Beach pinweed (Lechea maritima) COSEWIC assessment and status report: chapter 9

Population Sizes and Trends

Search Effort

All known populations were visited by the authors between 2003 and 2006, although portions of several sites were not visited. An additional 25 potential sites were surveyed for the preparation of this report and through other AC CDC and Bouctouche Dune Irving Eco-Centre (IEC) fieldwork (Figure 3). Survey efforts to date have included a wide variety of dune habitats but have mainly focused on large stabilized dune systems along New Brunswick’s eastern coast and Prince Edward Island’s northern coast. In New Brunswick, search efforts have been extensive, addressing almost all potential habitat. Unsurveyed dunes in northeastern New Brunswick consist of less suitable narrow and relatively unstabilized barrier dunes. Available information can thus be considered to reliably represent the species’ distribution in the province. Although the larger and more stable dune systems on Prince Edward Island have been surveyed, many smaller dunes are unsurveyed and there remains a small chance that other occurrences will be found.
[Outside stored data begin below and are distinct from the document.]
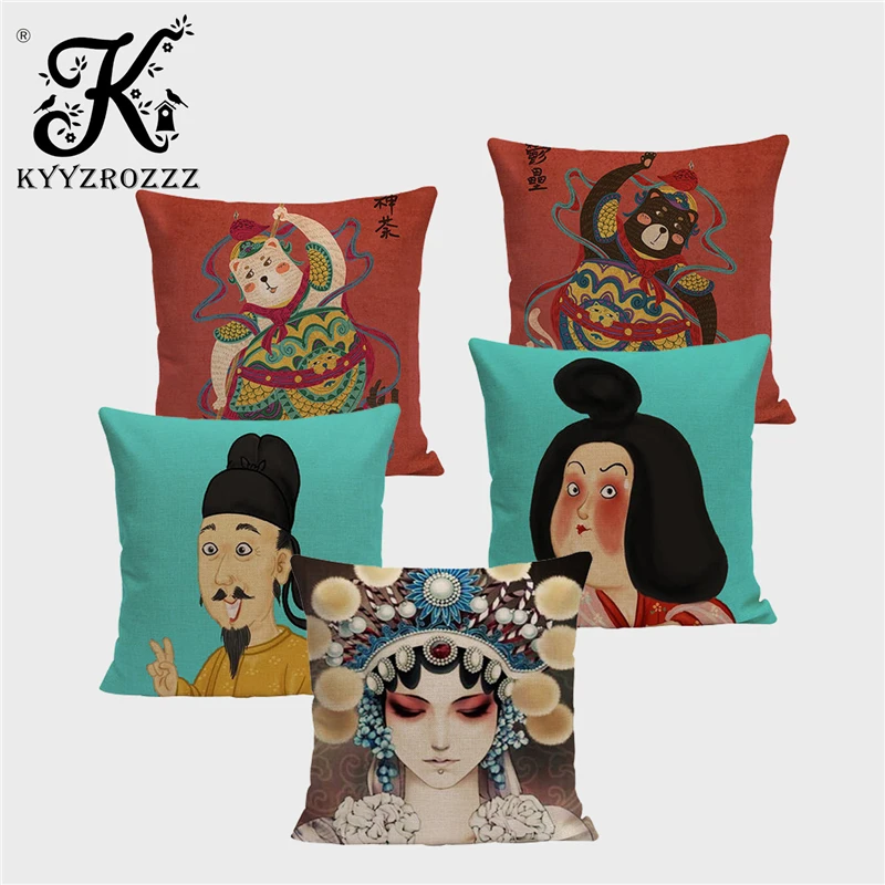 Художественный мультяшный декоративный Чехол на подушку, китайский классический стиль, украшение интерьера, автомобильная поясничная Подушка, сиденье, текстильные изделия 45*45 см
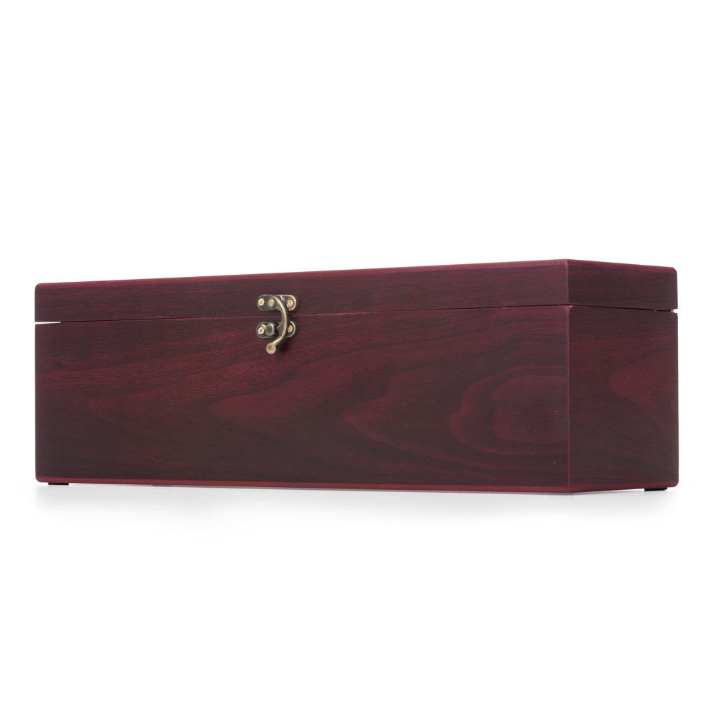 • Descrição: Kit vinho 4 peças em maleta de madeira na cor vinho. Possui: wine collar, bico condutor com tampa, tampa de bico e saca rolha. Parte interna revestida com espuma e tecido vermelho, possui dobradiças douradas e trava metálica, parte inferior com borrachas anti-deslizantes. NÃO ACOMPANHA A GARRAFA DE VINHO
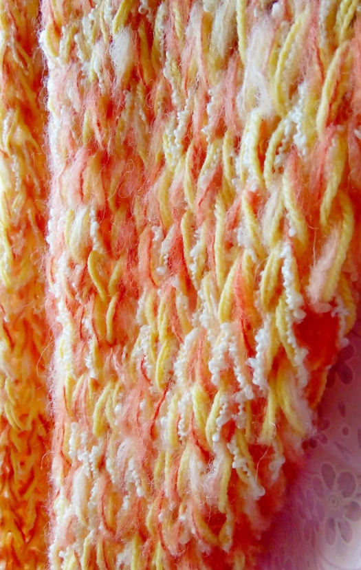 Upleteno z různých druhů přízí (akryl, polyamid, směs, vlna, mohér). Lze 2x omotat kolem krku.
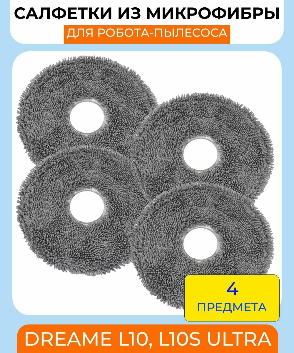 Для робота-пылесоса Dreame Bot L10S, L10S Ultra, S10, S10 Pro: Тряпки из микрофибры 4шт: сравнение цен, характеристики, фото, актуальное наличие и цены.
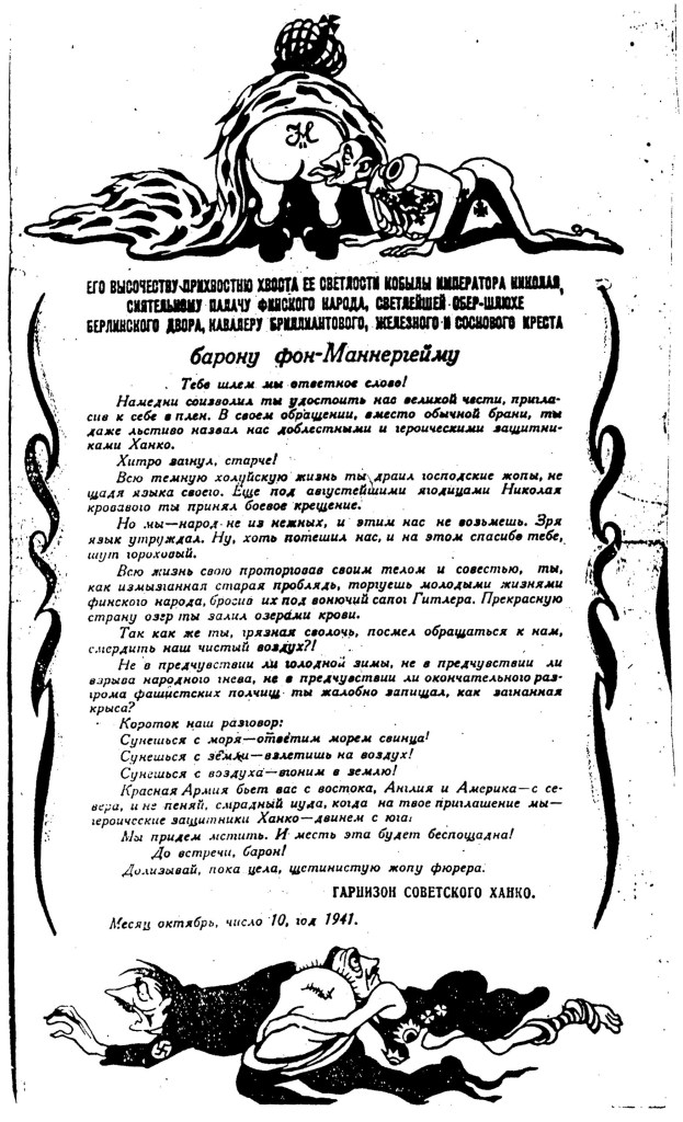 Перед нами реальная листовка советского гарнизона полуострова Ханко (Гангут), выпущенная 10 октября 1941; авторы текста — двое бойцов этого гарнизона, будущий известный фантаст Евгений Войскунский и уже тогда довольно известный поэт Михаил Дудин.

It has been suggested that the species could occur on the Magdalen Islands in Quebec, where coastal habitats have many similarities to those in Prince Edward Island and eastern New Brunswick. However, the Magdalens have been extensively surveyed by botanists. Nova Scotia offers a limited potential for additional beach pinweed occurrences. Dunes on the north coast of mainland Nova Scotia and elsewhere in the province are generally not as well developed as those in New Brunswick and Prince Edward Island and are therefore less suitable for the species. This is demonstrated by the fact that the species most closely associated with beach pinweed occurrence (beach heather - Hudsonia tomentosa) is limited in Nova Scotia to only two dune systems near Antigonish. No fieldwork was conducted on Nova Scotia dunes, but specimens of Lechea intermedia potentially from dunes in the major Nova Scotia herbaria were examined, and no specimens of L. maritima were found.


Abundance

The total known Canadian population of beach pinweed is estimated to be 181 000+ plants. This is a rough estimate and is likely somewhat conservative due to unsurveyed portions of suitable habitat adjacent to known sites and to difficulty finding every plant within the surveyed areas at the more extensive sites. Table 2 lists populations with population size estimates and details of first discovery and most recent observation. Population sizes in New Brunswick are highly variable, ranging from small scattered patches in the northern populations at Portage and Fox Islands to denser and much more extensive populations of tens of thousands in the Kouchibouguac and Richibucto dune system. The four population sites located there collectively comprise 65% of the population. Prince Edward Island population sizes are more consistent, with the exception of the large occurrence on Hog Island’s southern section, where an estimated 35,500 individuals were observed.


Fluctuations and Trends

Information gathered prior to 2003 is insufficiently detailed to determine if populations have undergone growth or decline. There is no literature evidence suggesting large fluctuations in Lechea maritima populations. The dense population (~20 000 estimated) of uniformly aged young plants apparently responding to a single disturbance event at the Hog Island South population, as well as similar observations in Lechea intermedia (C.S. Blaney, pers. obs.), do suggest that fluctuations could occur over multiple years. Aside from such localized events, it seems likely that the total population has been relatively stable over the past three generations (24-30 years). All five historic records (Portage Island, Fox Island, Kouchibouguac, South Richibucto and Bouctouche), discovered between 1892 and 1932, are now known to be extant, as is the 1984 record of P.M. Catling et al. from southern Hog Island. Where recent losses have been noted due to storm overwash, ATV use and trampling, effects to date are small and localized relative to the populations affected. Succession could be causing declines in the Fox and Portage Island sites, the only ones where pinweed occurs under tree cover. Early records from the sites do not indicate abundance but local residents indicate that Portage Island has become substantially more wooded over the past 40 years and the same situation likely applies to Fox Island. Populations at these sites are relatively low and, especially at Fox Island where no plants were found in open habitats, could be lost over time. Search efforts between 2002 and 2006 have doubled the number of known populations and significantly increased the total number of individuals known to exist, but this likely represents a search effort effect rather than an actual population increase.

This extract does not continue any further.